*** Opening of Data shown ***
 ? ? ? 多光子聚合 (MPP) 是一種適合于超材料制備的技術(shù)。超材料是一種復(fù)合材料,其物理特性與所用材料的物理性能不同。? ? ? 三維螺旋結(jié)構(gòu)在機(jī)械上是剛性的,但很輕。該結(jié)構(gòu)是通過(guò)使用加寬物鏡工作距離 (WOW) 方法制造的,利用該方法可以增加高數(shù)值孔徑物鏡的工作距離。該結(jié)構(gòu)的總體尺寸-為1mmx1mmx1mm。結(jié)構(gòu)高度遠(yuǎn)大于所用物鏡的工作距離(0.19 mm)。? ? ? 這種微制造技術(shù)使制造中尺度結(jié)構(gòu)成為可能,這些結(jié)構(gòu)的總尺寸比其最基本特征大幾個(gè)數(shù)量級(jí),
*** Close of Data shown ***
*** Opening of Data shown ***
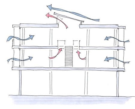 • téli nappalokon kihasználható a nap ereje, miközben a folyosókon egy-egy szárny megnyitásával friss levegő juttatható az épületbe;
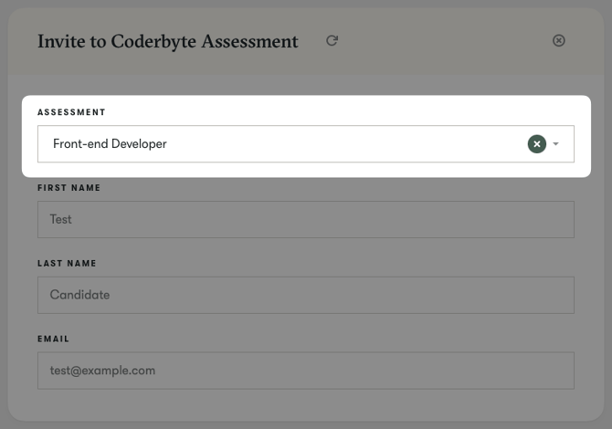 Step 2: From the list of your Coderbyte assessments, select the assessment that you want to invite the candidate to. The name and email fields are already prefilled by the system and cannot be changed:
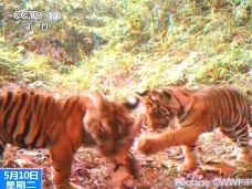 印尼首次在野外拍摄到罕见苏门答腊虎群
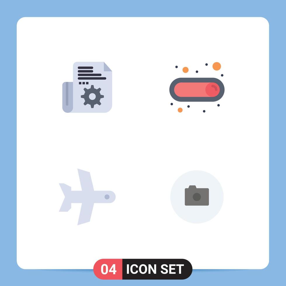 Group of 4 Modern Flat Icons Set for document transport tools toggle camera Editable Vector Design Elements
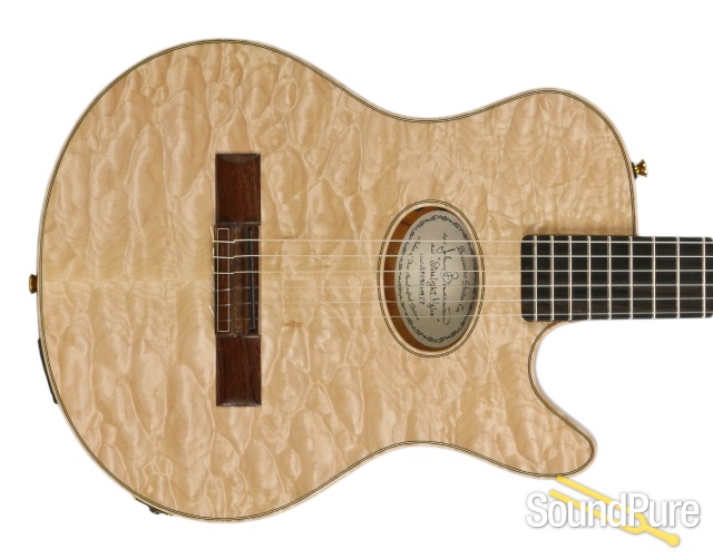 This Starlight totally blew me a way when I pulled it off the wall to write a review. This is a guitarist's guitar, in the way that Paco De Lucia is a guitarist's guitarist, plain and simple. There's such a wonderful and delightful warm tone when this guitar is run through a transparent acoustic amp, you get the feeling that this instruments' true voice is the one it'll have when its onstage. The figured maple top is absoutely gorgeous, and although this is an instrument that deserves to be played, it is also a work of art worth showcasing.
*** Close of Data shown ***
*** Opening of Data shown ***
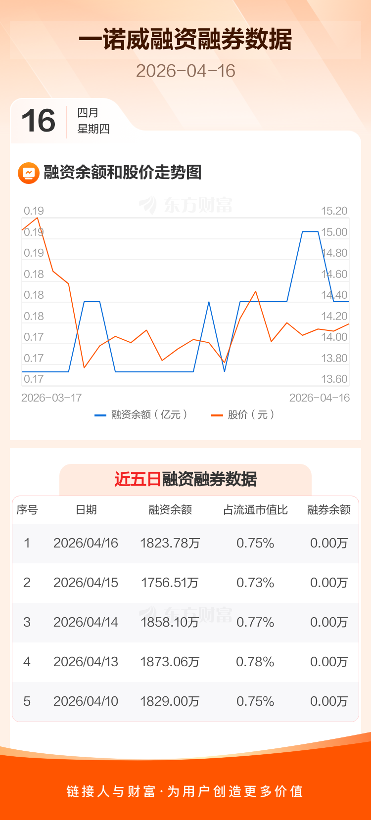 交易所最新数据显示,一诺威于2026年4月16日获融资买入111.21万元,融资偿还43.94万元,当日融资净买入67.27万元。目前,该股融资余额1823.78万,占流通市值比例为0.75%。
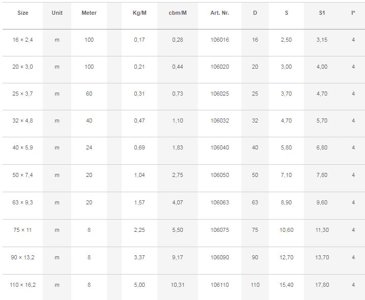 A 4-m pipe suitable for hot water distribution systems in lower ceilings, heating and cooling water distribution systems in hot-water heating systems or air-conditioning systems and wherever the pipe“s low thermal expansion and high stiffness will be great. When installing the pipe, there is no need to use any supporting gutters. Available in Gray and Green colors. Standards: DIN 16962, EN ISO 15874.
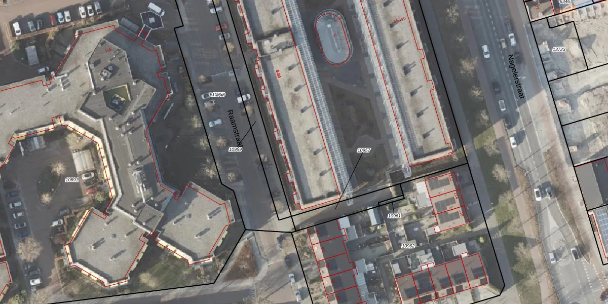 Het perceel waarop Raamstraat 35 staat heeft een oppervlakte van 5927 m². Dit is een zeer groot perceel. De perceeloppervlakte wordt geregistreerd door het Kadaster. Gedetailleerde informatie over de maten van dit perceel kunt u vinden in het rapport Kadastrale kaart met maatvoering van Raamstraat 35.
*** Close of Data shown ***
--- What the task asks ---
Exactly reproduce the lines above, starting at the one that contains "Step 2: From" and ending at the one that contains "This Starlight totally", both inclusive; leave the pictures out and add no other lines.

--- Output below ---
 Step 2: From the list of your Coderbyte assessments, select the assessment that you want to invite the candidate to. The name and email fields are already prefilled by the system and cannot be changed:
 印尼首次在野外拍摄到罕见苏门答腊虎群
 Group of 4 Modern Flat Icons Set for document transport tools toggle camera Editable Vector Design Elements
 This Starlight totally blew me a way when I pulled it off the wall to write a review. This is a guitarist's guitar, in the way that Paco De Lucia is a guitarist's guitarist, plain and simple. There's such a wonderful and delightful warm tone when this guitar is run through a transparent acoustic amp, you get the feeling that this instruments' true voice is the one it'll have when its onstage. The figured maple top is absoutely gorgeous, and although this is an instrument that deserves to be played, it is also a work of art worth showcasing.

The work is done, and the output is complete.